Therapeutic Options Flashcards
Prevention methods
- Diet
- Stop people smoking
- Screening
- Genetics
- Medication
Diet in prevention
- Inconsistent evidence, lots of confounding factors
- CRC is probably linked with red meat consumption
- Breast cancer: probably a link with saturated fat intake
- Physical activity decreases risk
- Current advice: 5 or more portions of fruits and vegetables a day, avoid obesity, take regular exercise 30 minutes a day
Screening in prevention
- Risks are involved with screening, so you may cause harm
- E.g. breast screening might perform a mammectomy on a patient who has a lump that may never turn into cancer
- High quality evidence for smear tests, CRC (faecal occult blood test), breast cancer
- Controversial: PSA blood test for prostate cancer, MR/CR or breath test for lung cancer
Genetics in prevention
- CRC and familial adenomatous polyposis coli (FAP)
- Autosomal dominant
- Screening families for APC mutations
- Regular colonoscopy
- Offer panprotocolectomy when adenomas found
- Breast cancer: BRCA1, BRCA2
Medication in prevention
- Also known as chemo-prevention
- More controversial
Primary medication in prevention
- Oesophageal cancer: high rate in parts of chine, they tried anti-oxidant supplements but there was no benefit
- Breast cancer: at risk women, prophylactic tamoxifen (higher risk of getting endometrial cancer with this)

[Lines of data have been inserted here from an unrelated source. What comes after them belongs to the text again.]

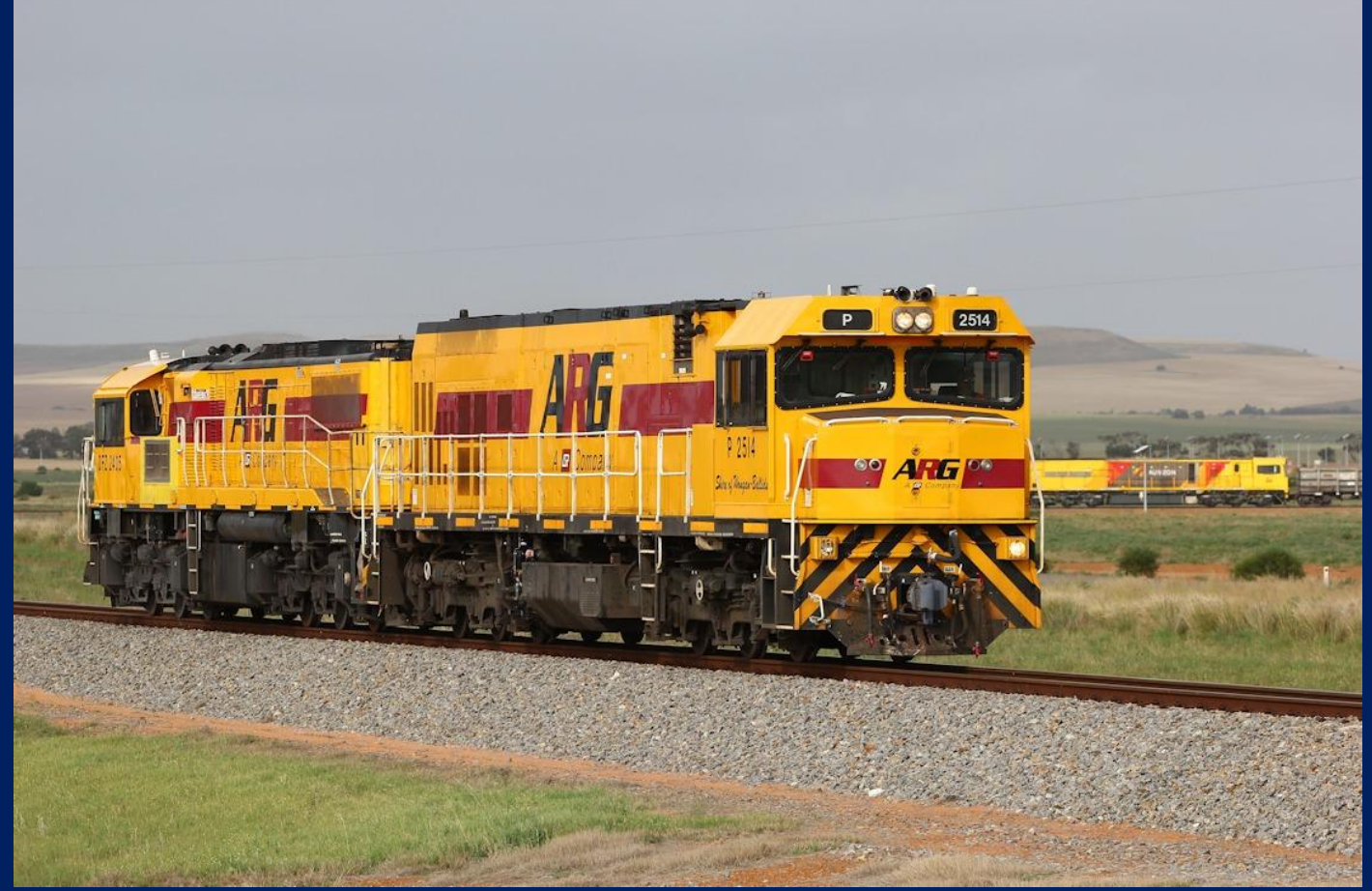
P2514 hauling DFZ2405 from Narngulu East to Narngulu to be stowed October 5th. Pho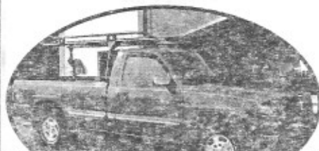
2000 Chevy Z71 1500 pickup, great work truck $8995

Dependable Sales & Service for all your automotive needs. ASE Certified service department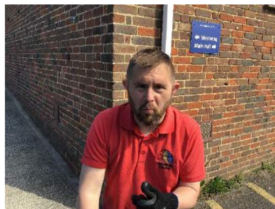
They cleared the car park and then set off back to the Centre!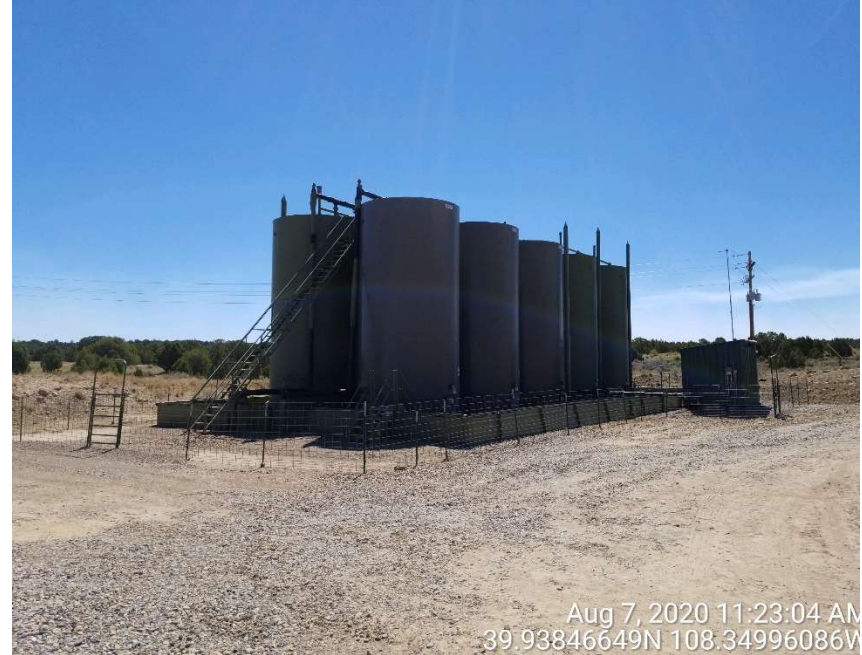
Tank battery looking southeast.

Secondary medication in prevention
- Previous head and neck or lung cancers
- Give anti-oxidant supplements
- No benefit
Treatment
- Local or regional treatment: surgery or radiotherapy
- Systematic therapy: hormonal, chemo, immunotherapy
Surgery treatment of cancers
- Need anatomical clearance
- Get all the cancer out
- 50% of cancers cured this way
Radiotherapy treatment of cancers
- Needs anatomical coverage
- Can treat inoperable lesions
- Can treat things you can’t remove and/or allow surgery to be possible
- Approx. 40% of cancers cured by this
- Can be combined with chemo: anal cancer, rectal cancer, oesophageal cancer
- Palliation
- Maintain function and/or appearance
Palliation
- Reduce pain
- Bleeding
- Swollen limbs
- Aims to improve symptoms
Maintaining function with radiotherapy
- Gullet cancer, you can’t remove it so you need to maintain function
- Ear lesion, you can keep your ear with radiation therapy
5R’s of radiobiology
- Radiosensitivity
- Repair
- Re-population
- Re-oxygenation
- Re-assortment
Radiosensitivity
- How sensitive the tumour is going to be to treatment
- Can anticipate outcome
- Certain drugs have been proven to increase radiosensitivity
Repair
- Radiation damages cells to a sublethal level, often the cell pathways repair themselves have been suppressed in malignant tumours
- The degree of suppression will affect the repair half-life and how effective the treatment is
Re-population
- Cells will all be in different parts of the cell cycle
- S phase: typically radioresistant
- Late in G2 or M phase are relatively sensitive
- Idea is you catch them at some point in the cycle when they’re in a more sensitive phase
Re-oxygenation
- Tumours can be acutely or chronically hypoxic, this makes the resistant to radiation
- The aim of radiation is to make them oxic as oxic cells can be killed
Re-assortment
- Cells are in a cycle and you catch some cells at different stages, some are sensitive to radiotherapy and some aren’t
- G2 and M are good, late S isn’t so good
Systemic therapy
- Beneficial for widespread disease
- Can result in widespread toxicity
- Palliation in about 50% of cancers
- Potential to be very specific
- Therapeutic index: aim is to have the anti-tumour effect curve and normal tissue toxicity as far apart as possible. Separates side effects and anti-tumour effects
Hormonal therapy
- ‘Specific’ or ‘targeted’ therapy
- Benefits in breast cancer (oestrogen receptor positive and tamoxifen) and prostate cancer (luteinising hormone-releasing hormone antagonists)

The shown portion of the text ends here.